A handful of records sit at the clinical-application end of that computation. US12471827B2 covers an ECG-based system for predicting future atrial fibrillation, taking electrocardiogram data into a trained model that outputs a risk score; US12451250B2 covers predicting therapeutic sensitivity using patient-derived tumor organoid cultures; and US12525343B2 covers an “artificially intelligent routing agent” that routes portions of a clinical task through multiple customized agents. The estate, read end to end, is not confined to one modality — it spans imaging, sequencing, records, and the predictive models that consume all three. That breadth is itself a fact about how the company is building its position: across the inputs a diagnostics platform ingests rather than around a single test.
A computer-implemented method, computing system and computer-readable medium include receiving training data and training a machine learning model to generate a cell expression map.— Systems and methods for deconvolving cell types in histology slide images, using super-resolution spatial transcriptomics data, US12586391B2
The business edge a granted claim buys
A granted patent, unlike a pending application, is enforceable coverage — it defines a boundary the holder can assert against others operating inside it. The March 24 deconvolution grant, paired with the biomarker-from-slides and multimodal-fusion grants, gives Tempus issued claims across the specific step of turning a stained-tissue or scanned image into a molecular readout. That is the same step a widening field of digital-pathology and AI-diagnostics entrants is building toward, which is why the freedom-to-operate question around image-to-readout pipelines now touches granted claims rather than only published applications.

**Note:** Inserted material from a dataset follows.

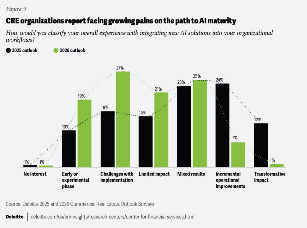 In Deloitte’s 2026 Commercial Real Estate Outlook, nearly one in five leaders said their firm is still in the early stages of AI adoption, and more than a quarter report challenges like lack of expertise, integration issues, or resistance to change.

The competitive context is visible in the same week's record. Across the diagnostics-and-assay grants issued the week of March 24, the volume leaders by assignee included a spread of research institutions and tools makers — Washington University with two, and single grants apiece to names such as Memorial Sloan Kettering Cancer Center, Massachusetts Institute of Technology, and other diagnostics filers — with Tempus appearing among them. No single assignee dominated the week's diagnostics grants; the field is fragmented across academic and commercial filers. Tempus issuing two AI-and-genomics grants on one day, against that fragmented backdrop, is a fact about the pace at which it is converting filings into issued coverage relative to a field where most assignees logged a single grant.
The data also frame what the estate is not. With G16H informatics codes dominating and only a handful of records touching the sequencing chemistry itself (the probe-design grant being the clearest example), the issued coverage is concentrated on the analytical and software layers. For a reader tracking the diagnostics business, the signal in the record is directional: Tempus is accumulating enforceable claims on the computation that sits on top of lab data, and the March 24 grant adds the histology-deconvolution piece to a cluster that already covered biomarker calling and multimodal image fusion. The volume trend — grants per year rising rather than flat — indicates the company is investing in building out that software-defined diagnostics position rather than treating it as a one-off.
What the reader does with that is their own call. The record simply shows a diagnostics company that issued two AI-and-genomics grants on a single day in late March, inside a 25-patent estate whose center of gravity has shifted decisively toward informatics and image analysis.